How to count the number of times a word is displayed in a text file in Java?

So, I'm pretty new to Java and I'm working on code that has to read a file .txt

that the user enters and then prompts the user for a search word in the file.I'm .txt

having a hard time figuring out how to count the number of times the entered word appears in the file .txt

. Instead, the code I have only counts the number of lines the code appears on. Can anyone help me figure out what to do so that my program counts the number of times the word is displayed, rather than the number of lines that the word is showing? knowledgeable? Thank! Here's the code:

import java.io.File;
import java.io.FileNotFoundException;
import java.util.Scanner;

public class TextSearch {

    public static void main(String[] args) throws FileNotFoundException {
        Scanner txt;
        File file = null;
        String Default = "/eng/home/tylorkun/workspace/09.1/src/Sample.txt";

        try {
            txt = new Scanner(System.in);
            System.out.print("Please enter the text file name or type  'Default' for a default file. ");
            file = new File(txt.nextLine());

            txt = new Scanner(file);

            while (txt.hasNextLine()) {
                String line = txt.nextLine();
                System.out.println(line);
            }
            txt.close();
        } catch (Exception ex) {
            ex.printStackTrace();
        }

        try {
            txt = new Scanner(file);
            Scanner in = new Scanner(System.in);
            in.nextLine();
            System.out.print("Please enter a string to search for. Please do not enter a string longer than 16 characters. ");
            String wordInput = in.nextLine();

            //If too long
            if (wordInput.length() > 16) {
                System.out.println("Please do not enter a string longer than 16 characters. Try again. ");
                wordInput = in.nextLine();
            }

            //Search
            int count = 0;
            while (txt.hasNextLine()) //Should txt be in? 
            {
                String line = txt.nextLine();
                count++;
                if (line.contains(wordInput)) //count > 0
                {
                    System.out.println("'" + wordInput + "' was found " + count + " times in this document. ");
                    break;
                }
            //else
                //{
                //    System.out.println("Word was not found. ");
                //}
            }
        } catch (FileNotFoundException e) {
            System.out.println("Word was not found. ");
        }
    } //main ends
} //TextSearch ends

      

+3


source to share


2 answers


Your problem is that you are incrementing the count per line, whether or not that word is present.

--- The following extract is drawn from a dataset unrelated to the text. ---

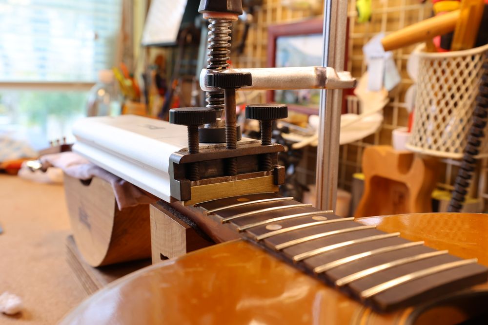 - 9.フレットベンダーでフレットにアールをつけていきます。

Also, you don't have any code to count multiple matches per line.

Instead, use a regular expression search to find matches, and the number of increments for each match found:

//Search
int count = 0;
Pattern = Pattern.compile(wordInput, Pattern.LITERAL | Pattern.CASE_INSENSITIVE);
while(txt.hasNextLine()){
    Matcher m = pattern.matcher(txt.nextLine());

    // Loop through all matches
    while (m.find()) {
        count++;
    }
}

      




NOTE. Not sure what you are using this for, but if you just need functions, you can combine the command line grep

and wc

(wordcount) utilities. See this SO answer for how to do it.

0


source


Since the word doesn't have to be self-contained, you can do an interesting loop for

to count how many times your word appears on each line.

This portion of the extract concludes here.